Pictures are not repeated. Every line from the beginning of the entries through the one with "Model Gigi Hadid" is restated exactly.

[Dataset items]
╔══
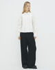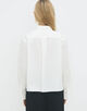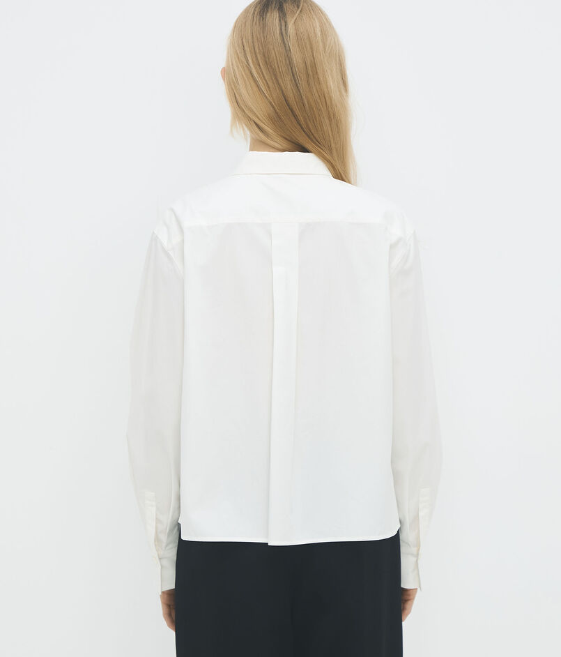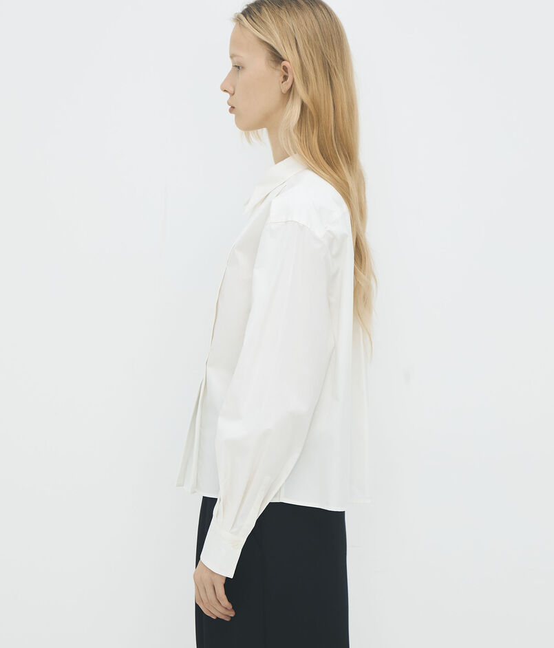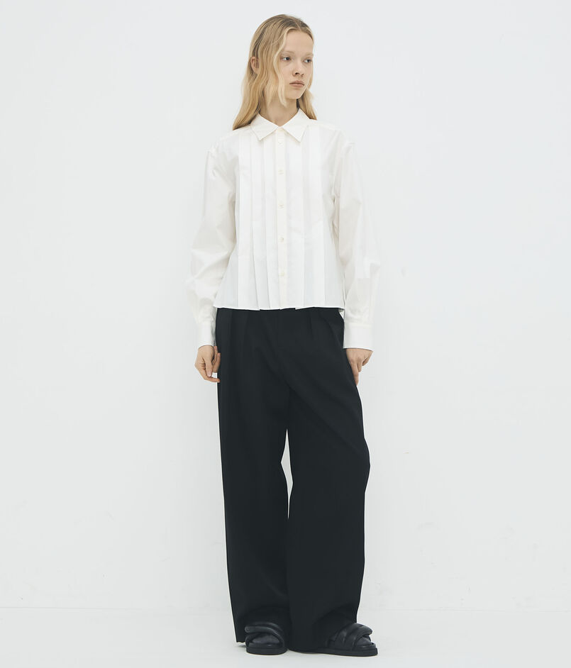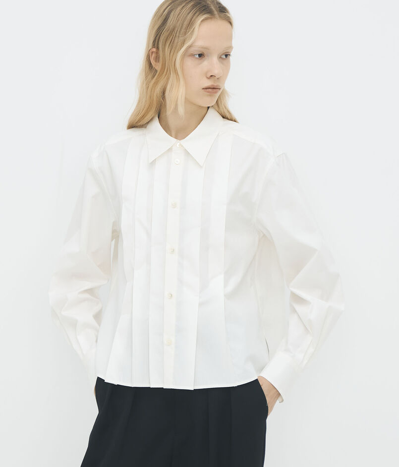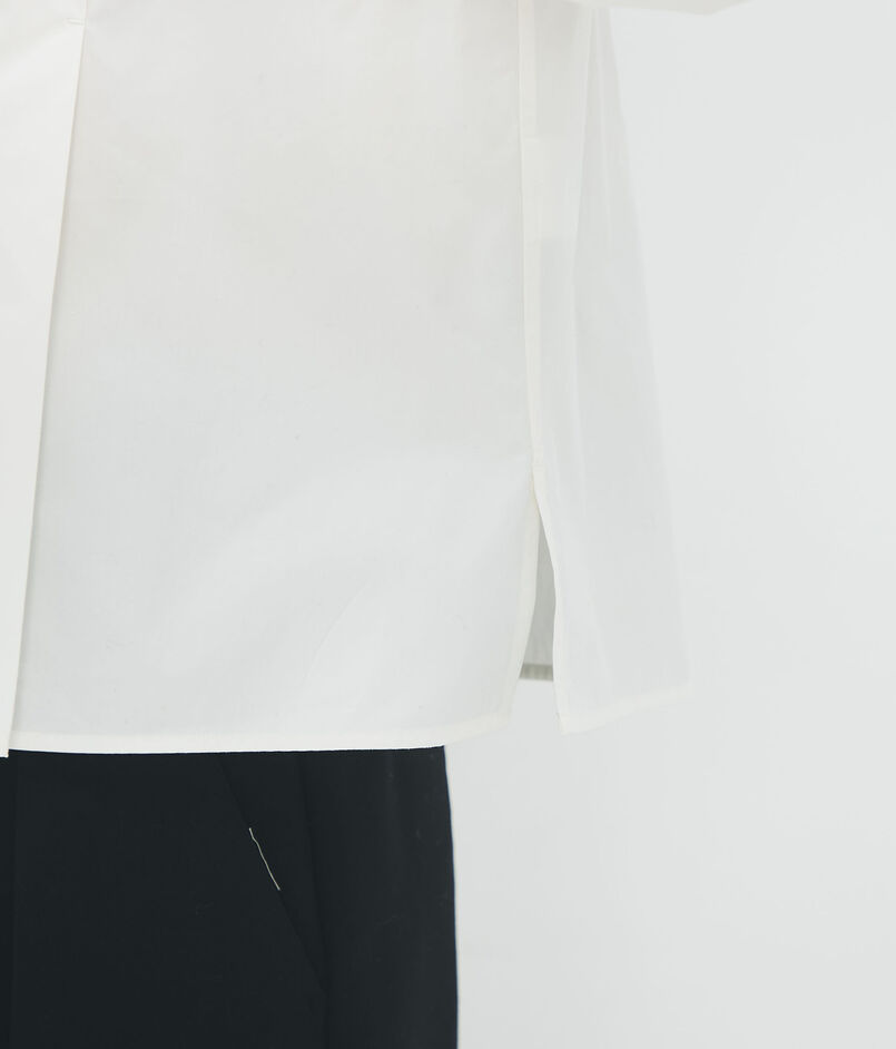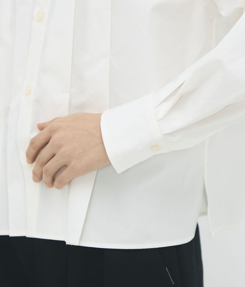 ハリのある素材にややボリュームのある袖と、タックデザインで広がるシルエットでウエストアウトして着用できるバランスの短め着丈の一品です。
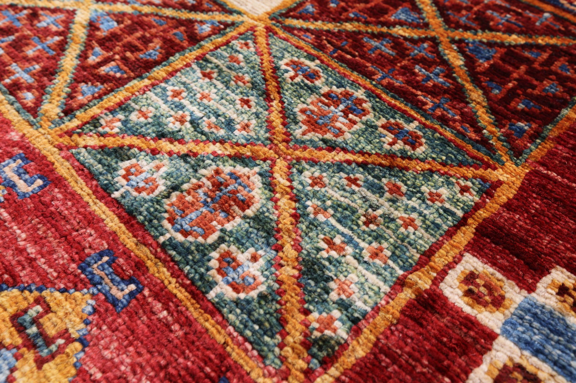 Gabbeh Rugs feature hand-spun wool in both the pile and foundation. These rugs are characterized by their abstract designs that relies upon open fields of color and a playfulness with geometric figures used to depict a story, person, or event. Gabbeh Rugs are popular in a contemporary or modern setting and are extremely durable, usually small to medium size.
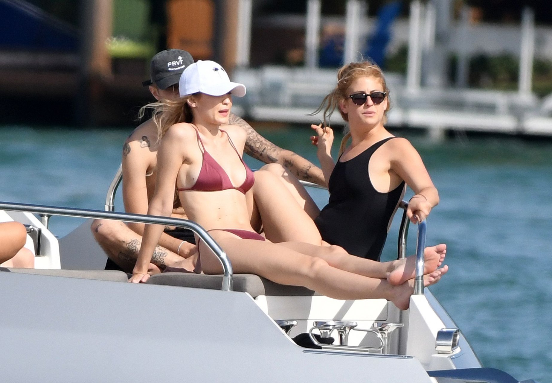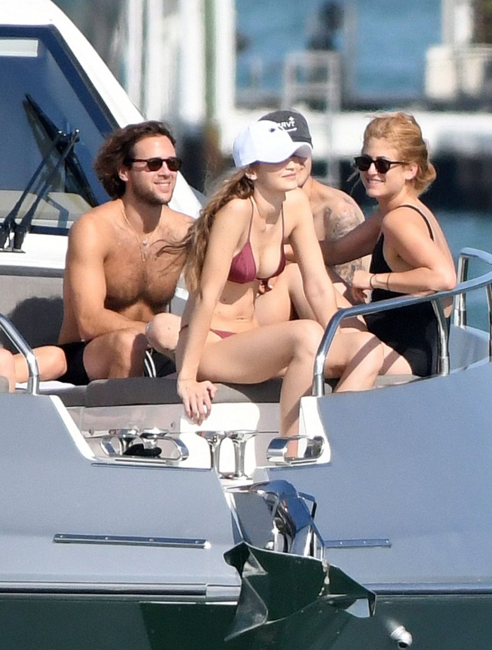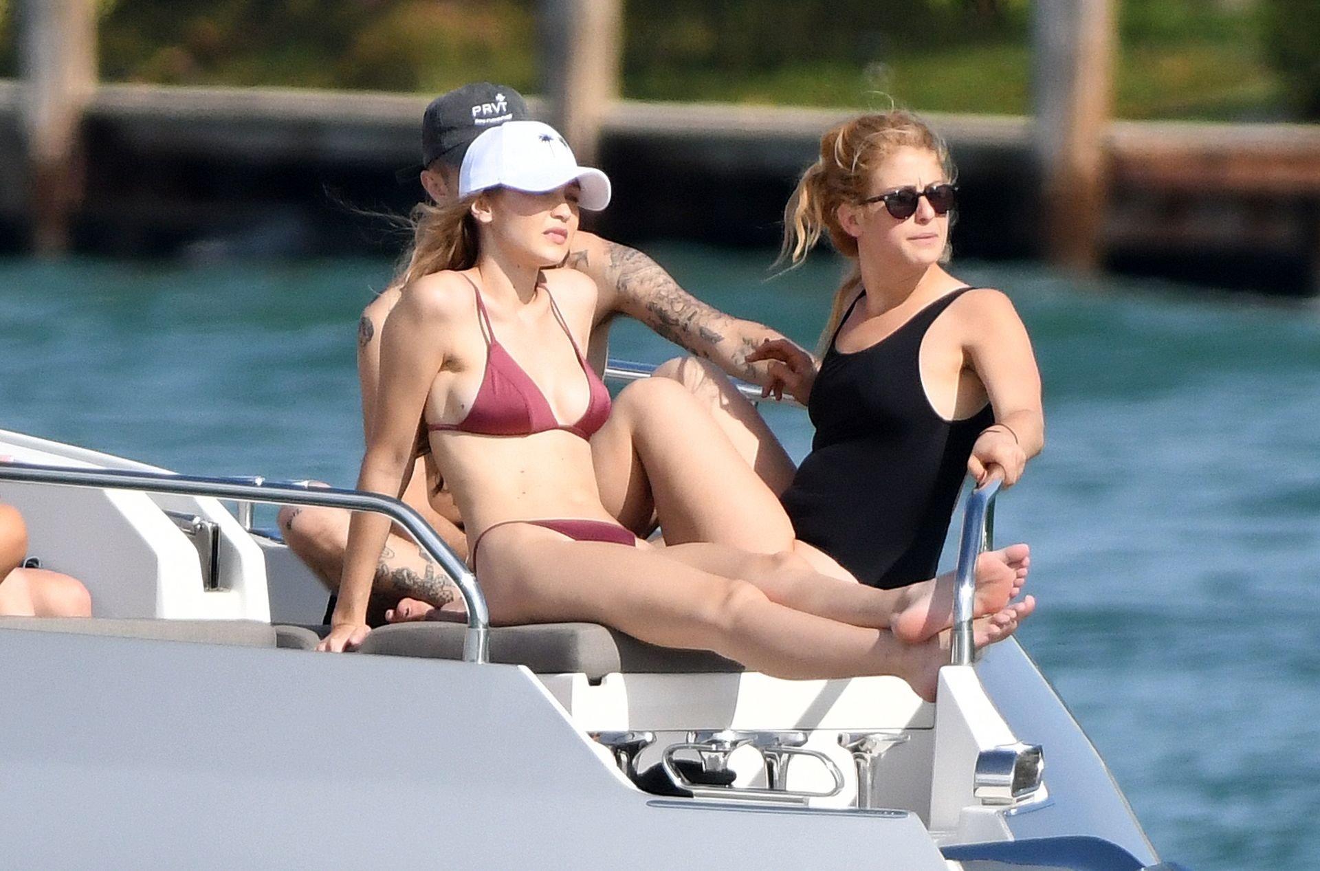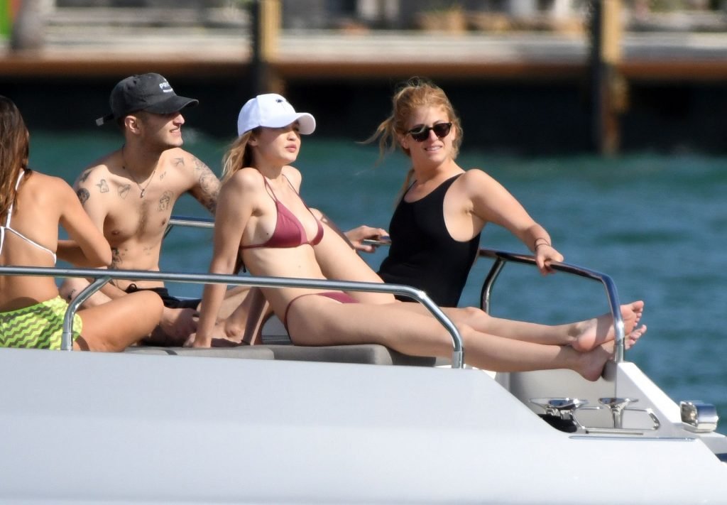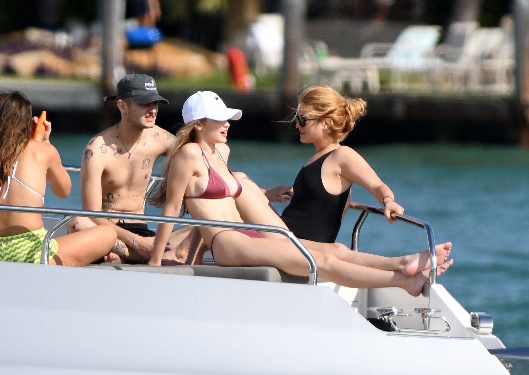 Model Gigi Hadid (23) é vista usando um biquíni vinho enquanto navega em um iate com o irmão Anwar Hadid e alguns amigos em Miami, 25/11/2018.
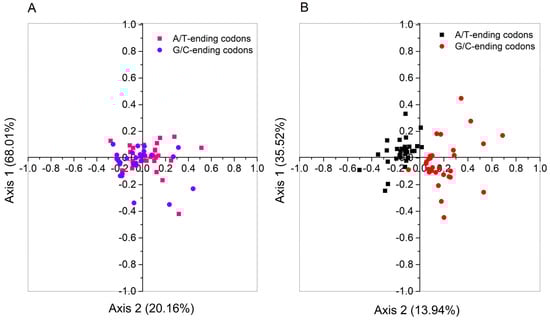 COA was conducted on codon usage patterns in CsPPO genes. The analysis was conducted using the RSCU values calculated from these genes. The results indicated that Axis 1 accounted for 68.01% of the total variation, whereas Axis 2 explained 20.16% of the overall variation (Figure 4A). AT-ending codons were predominantly localized near the central region of the plot, primarily within the positive quadrant, whereas GC-ending codons were mostly aggregated around the axis origin, with a few distributed toward the negative quadrant. To further examine codon usage divergence across species, an additional COA was performed using PPO genes from Camellia species and non-Camellia species. In this comparative analysis, Axis 1 and Axis 2 accounted for 35.52% and 13.94% of the total variation, respectively (Figure 4B). Codons were clearly separated along these axes based on their third nucleotide base: A/T-ending codons tended to cluster in specific regions distinct from those of G/C-ending codons. COA indicates that CUB in PPO genes results from a combination of mutational pressure, natural selection, and other potential contributing factors.
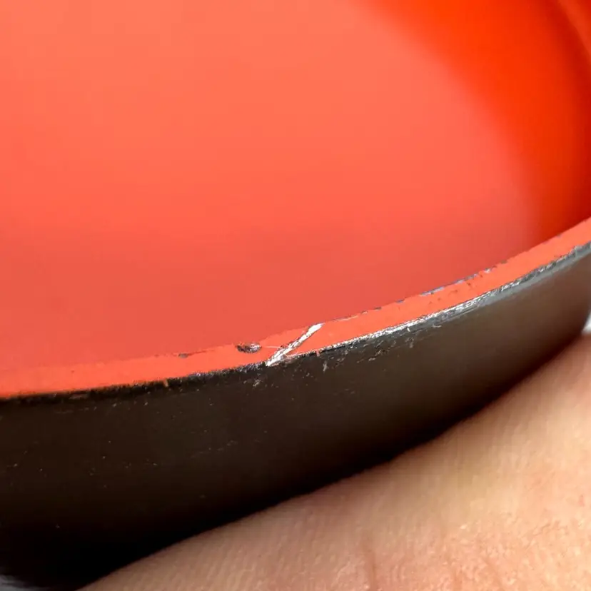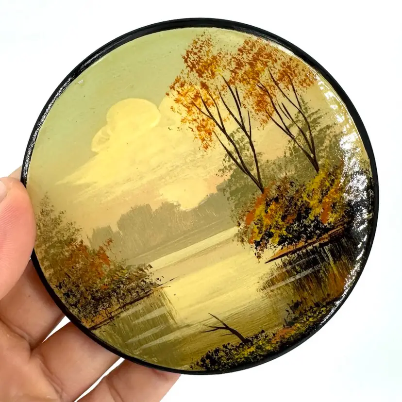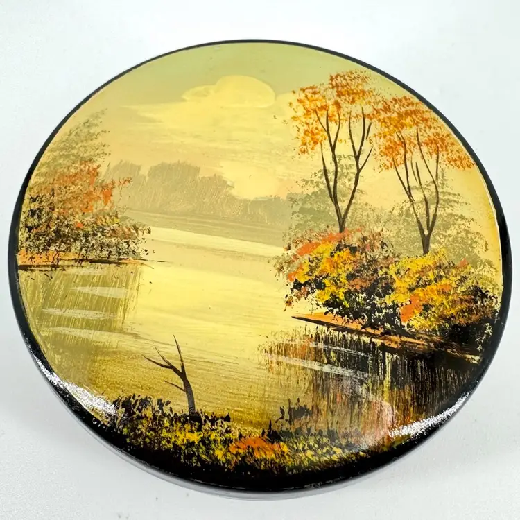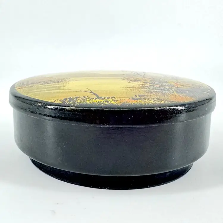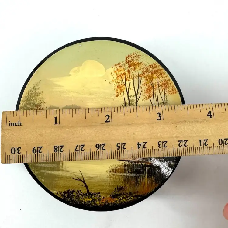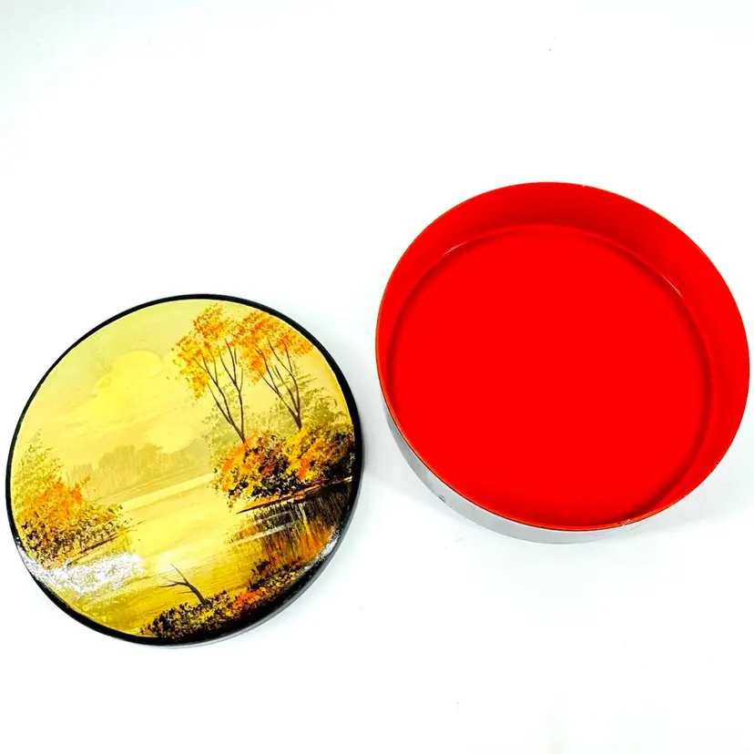 This is a handpainted metal trinket box there is some little scratches in the paint can be seen in the photos. There are NO chips or cracks anywhere also NO signatures or markings were found.
╚══
OUTPUT OF THE TASK ->
 ハリのある素材にややボリュームのある袖と、タックデザインで広がるシルエットでウエストアウトして着用できるバランスの短め着丈の一品です。
 Gabbeh Rugs feature hand-spun wool in both the pile and foundation. These rugs are characterized by their abstract designs that relies upon open fields of color and a playfulness with geometric figures used to depict a story, person, or event. Gabbeh Rugs are popular in a contemporary or modern setting and are extremely durable, usually small to medium size.
 Model Gigi Hadid (23) é vista usando um biquíni vinho enquanto navega em um iate com o irmão Anwar Hadid e alguns amigos em Miami, 25/11/2018.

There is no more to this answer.